Маша. Меня никто не тронет. Я здесь уже пять лет, а меня никто даже не ударил, даже не обругал.
Керженцев. Не в том дело, Маша! Зараза, яд — понимаете? — вот в чем дело! Ваши все доктора уже наполовину сумасшедшие, а вы дико, вы категорически здоровы! Вы ласковы с нами, как с телятами, и ваши глаза так ясны, так глубоко и непостижимо ясны, как будто и вовсе нет в мире безумия, никто не воет, а только поют песенки. Почему в ваших глазах нет тоски? Вы что-то знаете, Маша, вы что-то драгоценное знаете, Маша, единственное, спасительное, но что? Но что?
Маша. Ничего я не знаю, миленький. Живу, как бог велел, а что мне знать?

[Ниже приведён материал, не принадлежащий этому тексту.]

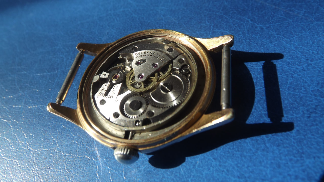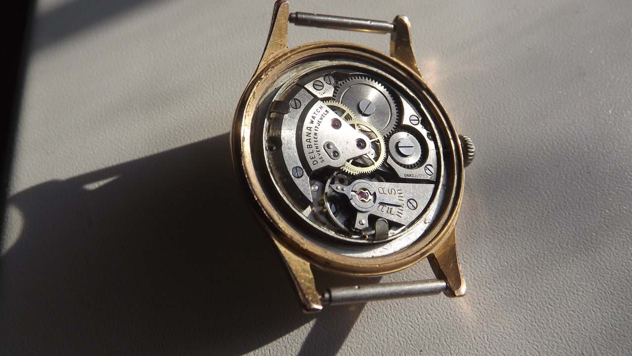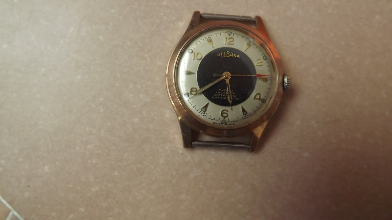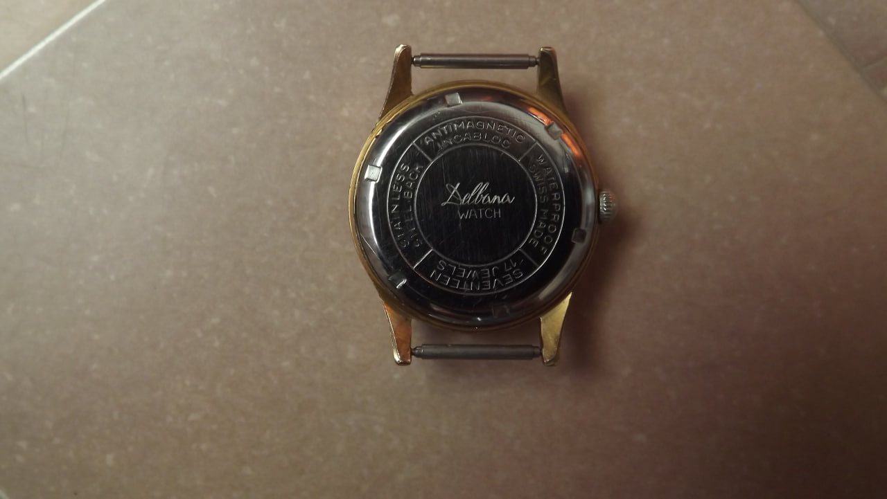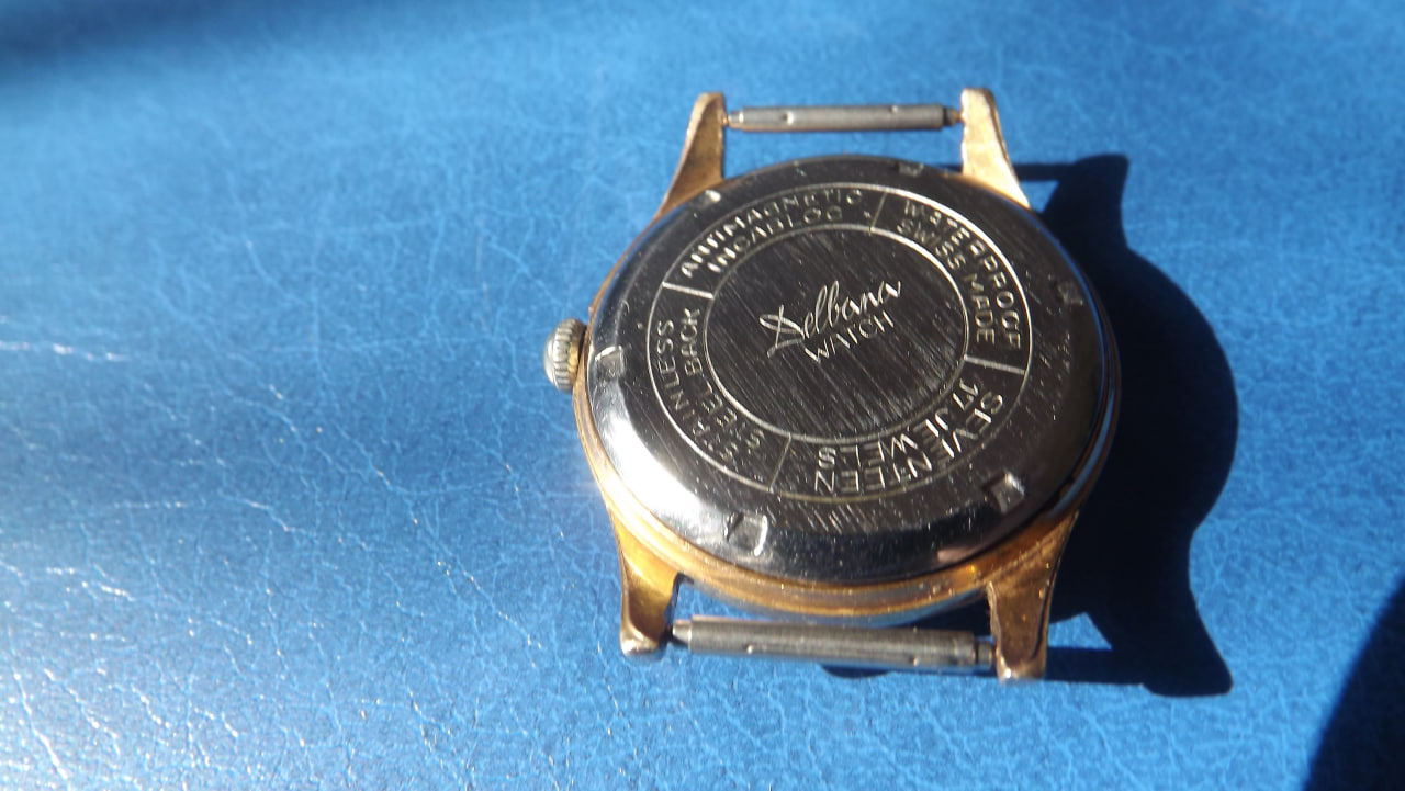 Фирма выпустившая эти часы зарегистрирована в Швейцарии в 1933 году. Создал ее уроженец Сан-Марино Голиардо Делла Бальда. Приехав в Швейцарию в 20-х годах, он поселился на Юго-Западе, где традиционно размещалось производство часов. Голиардо, поработав в нескольких часовых фирмах, сам организовал свое производство Delbana. С начала становления, до 40-х годов 20 века большой объем продукции отправлялась в страны Латинской Америки. После 2-ой мировой войны сбыт продукции был переориентирован на страны социалистического лагеря. Такие часы можно было приобрести в магазинах Березка за чеки Внешпосылторга. Поэтому сейчас их можно хоть и редко встретить на просторах СНГ.С начала 21 века эта фирма влилась в Delma Watch LTD. В настоящее время выпускаются часы, отличающиеся традиционно надежностью и качеством. Выпускаются мужские и женские часы в разных вариантах исполнения. Стоимость никогда не дотягивала свыше 1000 долларов, за исключением хронографов Melbourne из розового золота. Логотип бренда представляет собой изображение каменной башенки в щите. Башенки изображены как на государственном флаге Сан-Марино, где таковых три. На логотипе присутствует надпись прописью Delbana. Представляемые нами часы имеют лишь эту надпись. На крышке часов нет серийного номера, что свидетельствует о какой-то специальной поставке. Обычно номер на часах этой марки имеется. Часы влагонепроницаемые, антимагнитные, противоударные, последнее обеспечивается подпружиненным механизмом и отдельно камнем баланса. Механизм часов на 17 камнях, причем действительно натурально рубиновых, а не искусственных. Корпус часов с позолотой в 10 микрон.

Керженцев (смеется сердито). Ну да, конечно, как бог велел.
Маша. И все так живут, не одна я.
Керженцев (смеется еще сердитее). Ну конечно, и все так живут! Нет, Маша, ничего вы не знаете, это ложь, и я напрасно цепляюсь за вас. Вы хуже соломинки. (Садится.) Послушайте, Маша, вы бывали когда-нибудь в театре?
Маша. Нет, Антон Игнатьич, никогда не была.

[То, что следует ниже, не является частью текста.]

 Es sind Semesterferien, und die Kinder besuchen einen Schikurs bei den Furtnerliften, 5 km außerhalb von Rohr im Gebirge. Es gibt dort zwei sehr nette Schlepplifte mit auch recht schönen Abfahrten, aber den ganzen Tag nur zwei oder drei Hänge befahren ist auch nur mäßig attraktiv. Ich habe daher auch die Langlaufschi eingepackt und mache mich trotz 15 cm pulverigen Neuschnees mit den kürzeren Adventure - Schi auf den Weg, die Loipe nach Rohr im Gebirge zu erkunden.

Керженцев. Так. И вы неграмотны, вы не прочли ни одной книги. Маша, а евангелие вы хорошо знаете?
Маша. Нет, Антон Игнатьич, откуда ж знать. Только то и знаю, что в церкви читается, да и то разве много запомнишь! Я в церкви люблю бывать, да не приходится, некогда, работы много, дай бог только на минутку вскочить, лоб перекрестить. Я, Антон Игнатьич, в церковь норовлю попасть, когда батюшка говорит: и всех вас, православных христиан! Услышу это, вздохну, вот я и рада.
Керженцев. Вот она и рада! Она ничего не знает, и она рада, и в глазах у нее нет тоски, от которой умирают. Чепуха! Низшая форма или… что или? Чепуха! Маша, а вы знаете, что Земля, на которой вот мы сейчас с вами, что эта Земля крутится?
Маша (равнодушно). Нет, голубчик, не знаю.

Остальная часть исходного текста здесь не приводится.